The 'A' raters were first sailed on the river in 1870 when the Thames Sailing Club was founded at its present site. Some of the boats still sailing are almost 100 years old. Their spectacular appearance comes from their outsize masts, 40ft (12m) high, built to catch the wind from above the trees on the river bank. The boats are 26ft long - the size of a small yacht, although they are sailed like dinghies.
Thames Sailing Club has been trying to buy the site for 20 years, but before privatisation Thames Water was not interested in selling. When the company finally decided to sell the site earlier this year the club made an offer, but Thames Water ended negotiations because it believes it can get a better price at auction.
The site will be sold as lot 90 next Wednesday, at an auction at the Kensington Hilton Hotel, with a guide price of pounds 150,000. Thames Water has drawn up a scheme for 10 houses on the river bank, squeezing the club into a small area which would make it impossible to continue sailing 'A' raters.
'The scheme has not been discussed with us at all,' Stephen Dunn, the club's rear commodore, said. 'We need a lot of space to sail the 'A' raters - as it is we moor them five abreast. But we have 18 of them. If we are forced off this bit of the river I don't believe we could find another site. Other clubs would not have us because we take up so much space. The 'A' raters would seldom sail again as a fleet.' The National Maritime Museum says the loss would be a major blow to sailing history in Britain.

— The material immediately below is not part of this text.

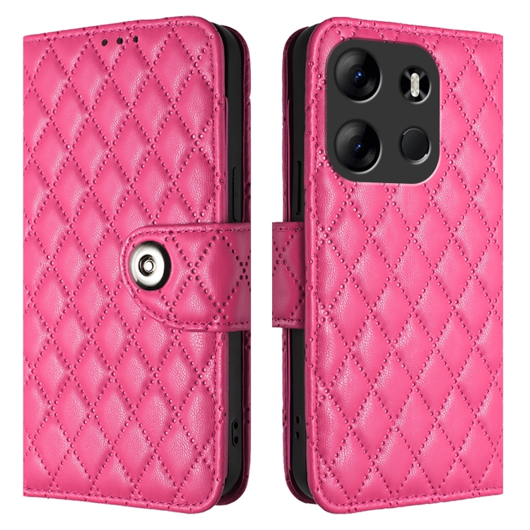 Funda para Teléfono Tecno Spark Go 2023 de Cuero con Tapa Textura Rombal y Cordón (Rojo Rosa)
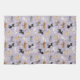 Cute chihuahua dogs with black, brown, tan, cream, grey and blue coats sit and stand scattered dog bones and paw prints on a light purple background.

The surrounding river bank attracts crowds to admire 'A' raters' manoeuvres in full sail and the local pub, Hart's Boatyard, is usually busy. The pub is built over a boatyard run by Ossie Stewart, who won a bronze medal sailing a Soling class keelboat in the Barcelona Olympics this year.
The site was originally reclaimed from marshland. Thames Sailing Club built its own clubhouse, a charming Victorian building with a verandah overlooking the river, and a large boathouse for the 'A' raters. When the club's lease ends next year its control over the property will cease.
Thames Water says it has to take a commercial decision about the future of the site. It is spending more than pounds 1m a day on development and needs the money.